● **HOW TO COMPLETE THIS TASK**: Everything in the listing must be repeated exactly, apart from the images.

● **GIVEN DATA**:
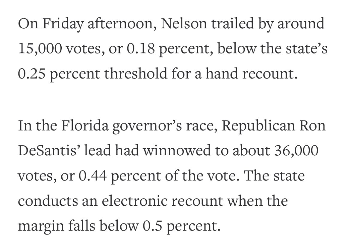DeSantis led by nearly 100k votes on election night, and it seemed almost impossible for Gillum to come back. Gillum himself conceded that night, but AP didn’t call it.
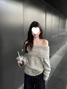 灰色露肩韩系套头毛衣女秋冬慵懒风宽松气质小个子长袖一字肩上衣
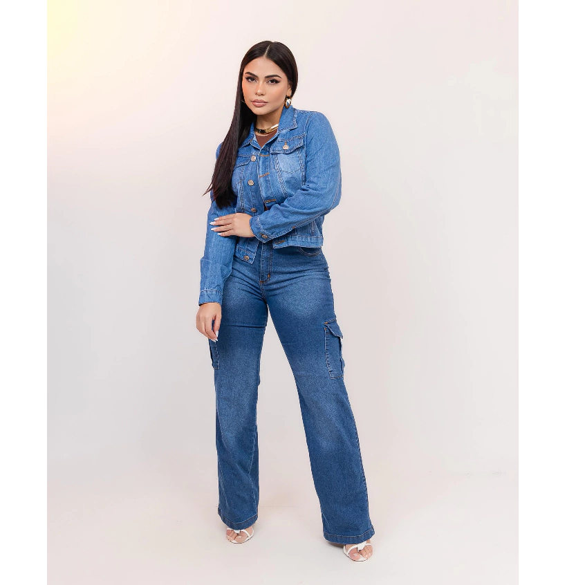 Jaqueta jeans feminina tendência P M G GG manga longa destroyed modelo cropped moda blogueira gringa manga comprida inverno frio casaco
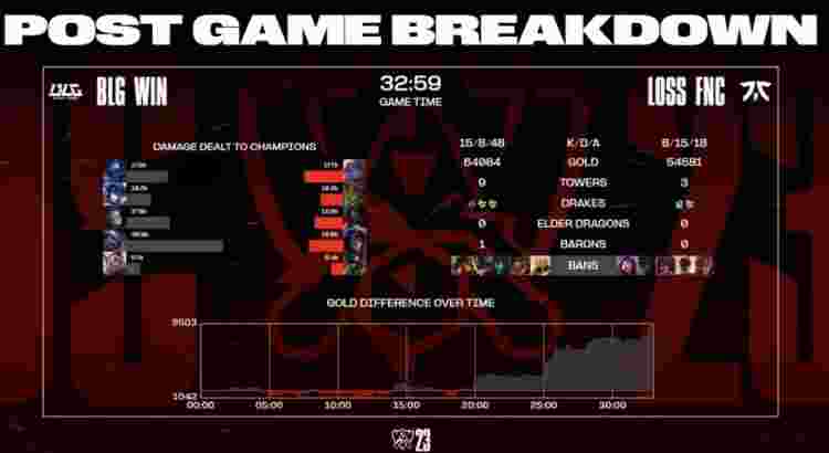 最后一波,野区交战,BLG先集火秒掉了Trymbi牛头,随后绕后TP的Humanoid阿卡丽被围追,Bin贾克斯后排一打三配合队友留住了Oscarinin波比,BLG打出0换2想一波了!BLG在门牙塔处直接秒掉了Noah的卡莎!FNC没有战力了,只能看着BLG推掉基地水晶!
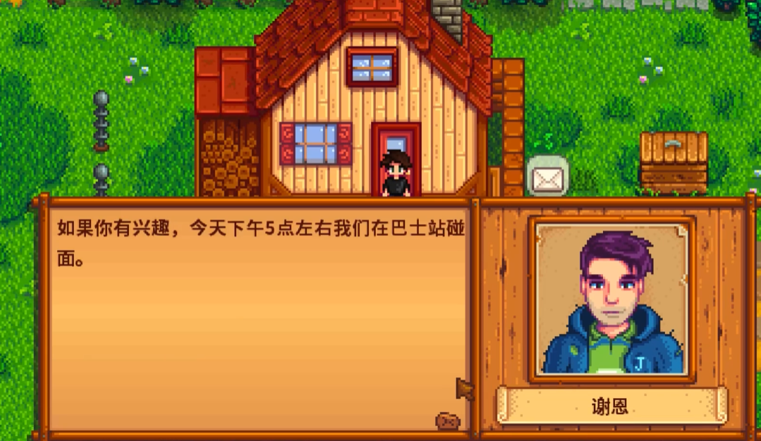 当你们的关系达到十颗心后,关键是要在早上6点到6点半之间离开家,这样会触发一段对话。谢恩会邀请你下午4点到6点之间在巴士站见面,一定要准时赴约哦。这个时间点很重要,错过了就得等第二天重新触发。建议提前调整好游戏内的时间,免得手忙脚乱错过了约会。
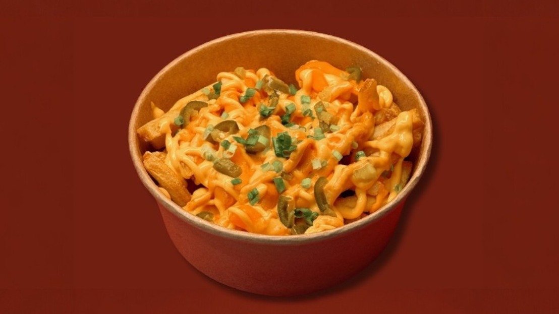 400g kraukšķīgu kartupeļu frī ar kausētu Čederas sieru, Čederas siera un paprikas mērci, garšīgām garšvielām, jalapeño pipariem un lociņiem.
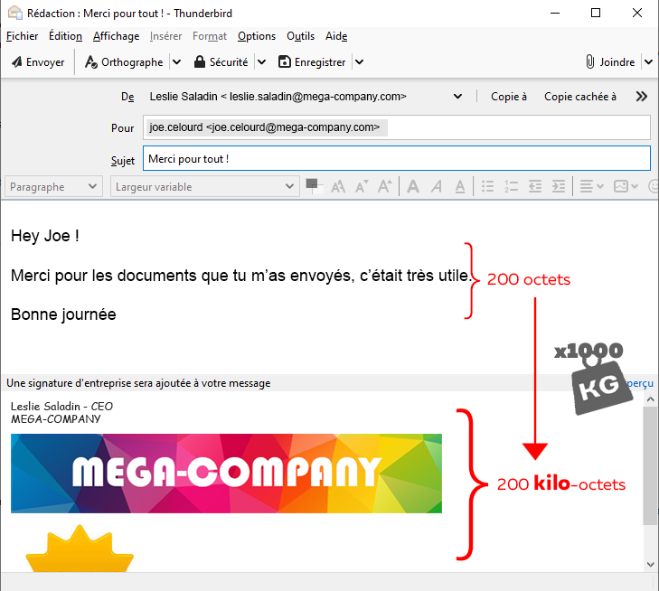 Malheureusement le poids des emails est en augmentation constante. Initialement il se composait de texte simple pesant à peine quelques octets ou kilo-octets. Avec le HTML, il est devenu plus riche et donc plus lourd (quelques kilo-octet ou dizaine de kilo-octet), mais c’était encore raisonnable. En revanche, avec la généralisation des images l’email est tombé dans l’obésité morbide. Les signatures se mettent à peser des dizaines, des centaines, voir des milliers de fois plus que le corps du mail en lui-même.

● **ANSWER TO THE PROBLEM**:
DeSantis led by nearly 100k votes on election night, and it seemed almost impossible for Gillum to come back. Gillum himself conceded that night, but AP didn’t call it.
 灰色露肩韩系套头毛衣女秋冬慵懒风宽松气质小个子长袖一字肩上衣
 Jaqueta jeans feminina tendência P M G GG manga longa destroyed modelo cropped moda blogueira gringa manga comprida inverno frio casaco
 最后一波,野区交战,BLG先集火秒掉了Trymbi牛头,随后绕后TP的Humanoid阿卡丽被围追,Bin贾克斯后排一打三配合队友留住了Oscarinin波比,BLG打出0换2想一波了!BLG在门牙塔处直接秒掉了Noah的卡莎!FNC没有战力了,只能看着BLG推掉基地水晶!
 当你们的关系达到十颗心后,关键是要在早上6点到6点半之间离开家,这样会触发一段对话。谢恩会邀请你下午4点到6点之间在巴士站见面,一定要准时赴约哦。这个时间点很重要,错过了就得等第二天重新触发。建议提前调整好游戏内的时间,免得手忙脚乱错过了约会。
 400g kraukšķīgu kartupeļu frī ar kausētu Čederas sieru, Čederas siera un paprikas mērci, garšīgām garšvielām, jalapeño pipariem un lociņiem.
 Malheureusement le poids des emails est en augmentation constante. Initialement il se composait de texte simple pesant à peine quelques octets ou kilo-octets. Avec le HTML, il est devenu plus riche et donc plus lourd (quelques kilo-octet ou dizaine de kilo-octet), mais c’était encore raisonnable. En revanche, avec la généralisation des images l’email est tombé dans l’obésité morbide. Les signatures se mettent à peser des dizaines, des centaines, voir des milliers de fois plus que le corps du mail en lui-même.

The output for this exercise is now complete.